== Your task ==
Apart from the pictures, output all of the records exactly.
*** Provided records Section Begins ***
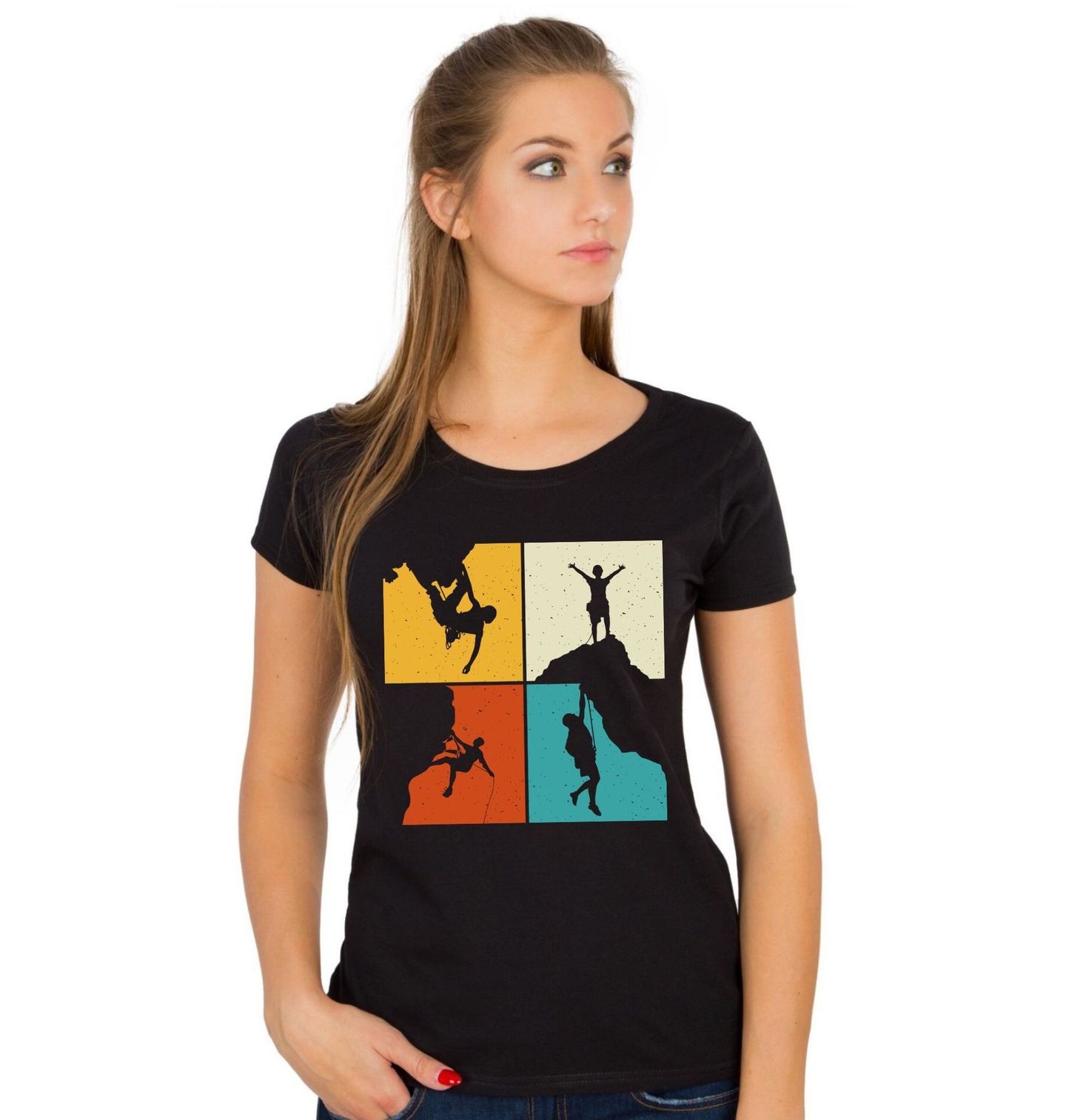 Dámské tričko Retro Horolezectví Cesta na Vrchol. Stylový retro motiv zachycuje horolezectví ve čtyřech ikonických momentech – lezení, slaňování, výstup i vítězství na vrcholu. Siluetová grafika v kontrastních barvách připomíná staré outdoorové plakáty a osloví každého, kdo miluje hory, svobodu a výzvy.
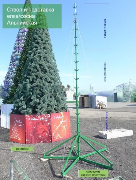 Каркас реалистичной уличной елки высотой 9 метров.
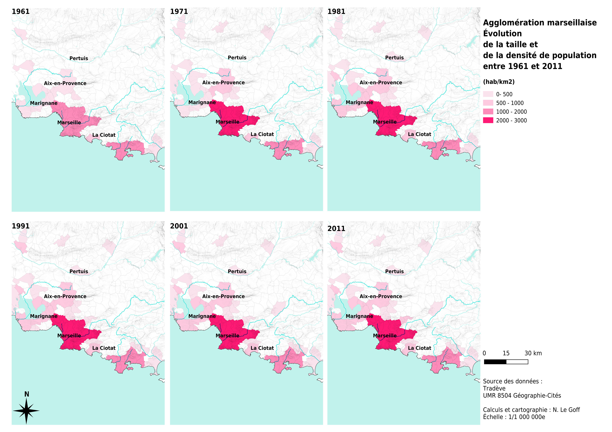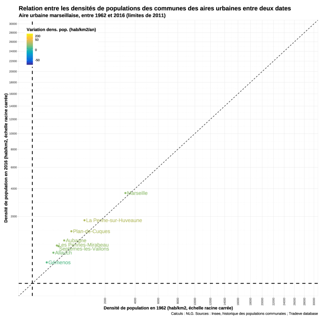 C’est principalement dans les années 1970 que les communes de Marseille et Aix-en-Provence voient leur densité de population augmenter. C’est ensuite Marignane et les communes situées entre ces trois villes qui se densifient, contribuant ainsi à la naissance d’une aire urbaine élargie.
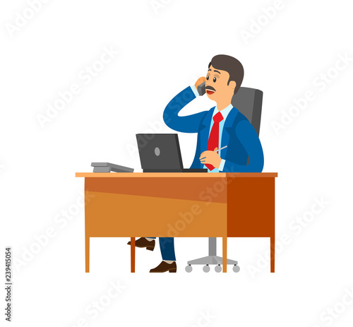 boss, executive, professional, leader, vector, office, businessman, men at work, employer, chief, business, work, job, entrepreneur, man, person, manager, official, illustration, mobile phone, phone, mobile, discussion, workplace, laptop, computer, dialling, partner, deal, people, male, concept, cartoon, entrepreneurship, career, company, serious, specialist, associate, adviser, caucasian, character, drawn, paper, paperwork, furniture, suit, working
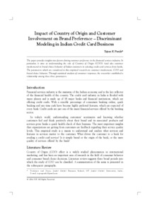 Panda, Tapan Kumar (2016) Impact of country of origin and customer involvement on brand preference: Discriminant modeling in Indian credit card business. IUP Journal of Brand Management, 13 (4). pp. 7-23. ISSN 0972-9097
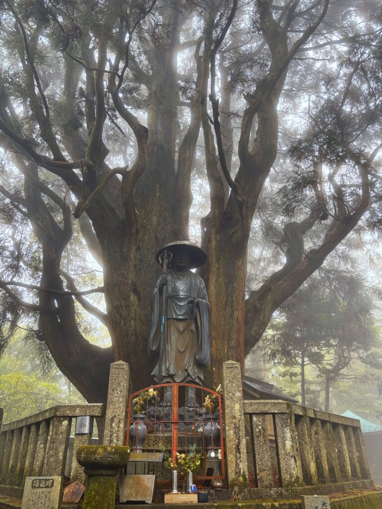 ここには弘法大師が休んだと言われる巨大な杉の木が、圧倒的な存在感で立っていた。その根本にある弘法大師像に手を合わせる。現在の標高は約760メートルだ。
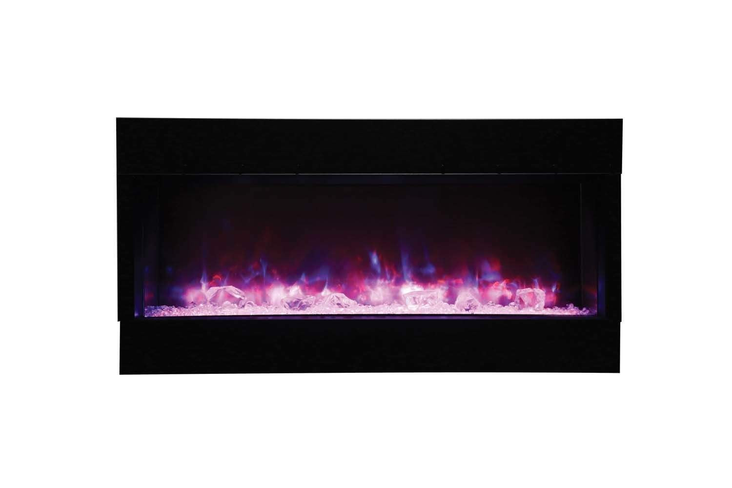 Amantii 50-TRV-SLIM Trv View Slim Smart Electric - 50" Indoor / Outdoor WiFi Enabled 3 Sided Fireplace Featuring a depth of 10 5/8", MultiFunction Remote Control, Multi Speed Flame Motor, and a 10 piece Birch Log Set
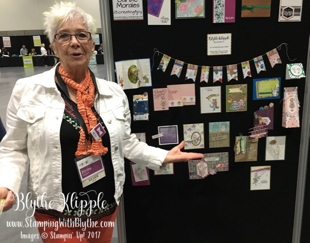 I got a jump start with Stampin’ Up!’s new Birthday Delivery stamp set and Birthday Memories Designer Series Paper in April. It was with great excitement that I accepted the invitation to be a display board stamper for Stampin’ Up!’s OnStage San Diego mini convention on April 8th.
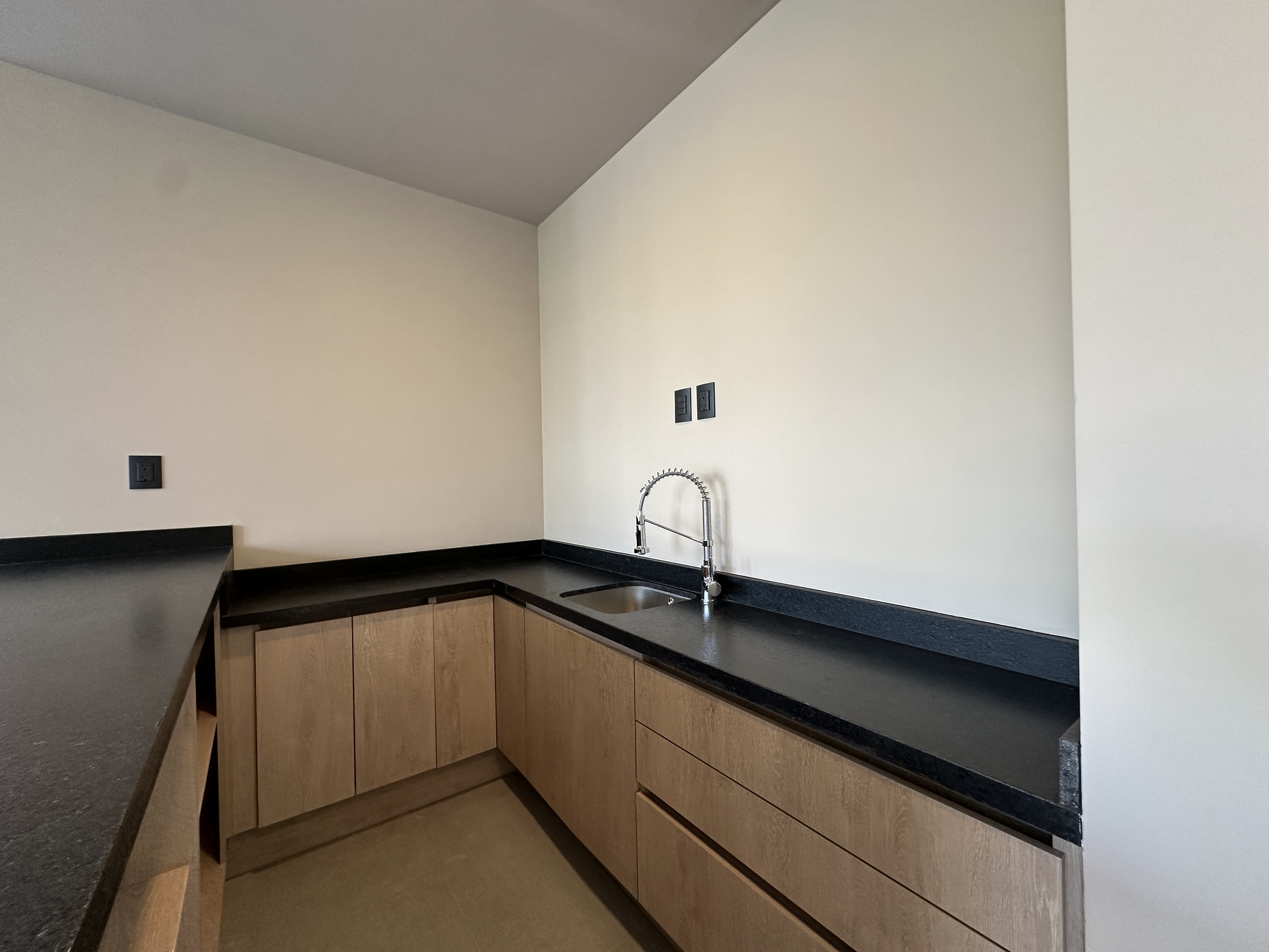 La cocina principal, con cubiertas de granito, se complementa con una segunda área tipo isla o barra independiente, perfecta como bar, cava o punto de reunión. Un pasillo lateral brinda acceso directo al exterior. La planta baja se completa con cuarto de servicio con baño completo, sumando funcionalidad al conjunto.
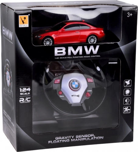 Licencirani RC automobil BMW u mjerilu 1:24 oduševit će vjernim detaljima karoserije, stražnjim pogonom i svjetlima koja svijetle pri vožnji naprijed i unatrag. U sklopu je volan s funkcijama START/STOP, DEMO i MUSIC, koji simulira stvarno upravljanje uključujući zvukove žmigavaca pri okretanju. Zahvaljujući vakuumskim čepovima čvrsto stoji na stolu, a izbor prijenosa (N, D1, D2, R) vožnji daje još realističniju dimenziju.
*** Provided records Section Ends ***
== Task solution ==
 Dámské tričko Retro Horolezectví Cesta na Vrchol. Stylový retro motiv zachycuje horolezectví ve čtyřech ikonických momentech – lezení, slaňování, výstup i vítězství na vrcholu. Siluetová grafika v kontrastních barvách připomíná staré outdoorové plakáty a osloví každého, kdo miluje hory, svobodu a výzvy.
 Каркас реалистичной уличной елки высотой 9 метров.
 C’est principalement dans les années 1970 que les communes de Marseille et Aix-en-Provence voient leur densité de population augmenter. C’est ensuite Marignane et les communes situées entre ces trois villes qui se densifient, contribuant ainsi à la naissance d’une aire urbaine élargie.
 boss, executive, professional, leader, vector, office, businessman, men at work, employer, chief, business, work, job, entrepreneur, man, person, manager, official, illustration, mobile phone, phone, mobile, discussion, workplace, laptop, computer, dialling, partner, deal, people, male, concept, cartoon, entrepreneurship, career, company, serious, specialist, associate, adviser, caucasian, character, drawn, paper, paperwork, furniture, suit, working
 Panda, Tapan Kumar (2016) Impact of country of origin and customer involvement on brand preference: Discriminant modeling in Indian credit card business. IUP Journal of Brand Management, 13 (4). pp. 7-23. ISSN 0972-9097
 ここには弘法大師が休んだと言われる巨大な杉の木が、圧倒的な存在感で立っていた。その根本にある弘法大師像に手を合わせる。現在の標高は約760メートルだ。
 Amantii 50-TRV-SLIM Trv View Slim Smart Electric - 50" Indoor / Outdoor WiFi Enabled 3 Sided Fireplace Featuring a depth of 10 5/8", MultiFunction Remote Control, Multi Speed Flame Motor, and a 10 piece Birch Log Set
 I got a jump start with Stampin’ Up!’s new Birthday Delivery stamp set and Birthday Memories Designer Series Paper in April. It was with great excitement that I accepted the invitation to be a display board stamper for Stampin’ Up!’s OnStage San Diego mini convention on April 8th.
 La cocina principal, con cubiertas de granito, se complementa con una segunda área tipo isla o barra independiente, perfecta como bar, cava o punto de reunión. Un pasillo lateral brinda acceso directo al exterior. La planta baja se completa con cuarto de servicio con baño completo, sumando funcionalidad al conjunto.
 Licencirani RC automobil BMW u mjerilu 1:24 oduševit će vjernim detaljima karoserije, stražnjim pogonom i svjetlima koja svijetle pri vožnji naprijed i unatrag. U sklopu je volan s funkcijama START/STOP, DEMO i MUSIC, koji simulira stvarno upravljanje uključujući zvukove žmigavaca pri okretanju. Zahvaljujući vakuumskim čepovima čvrsto stoji na stolu, a izbor prijenosa (N, D1, D2, R) vožnji daje još realističniju dimenziju.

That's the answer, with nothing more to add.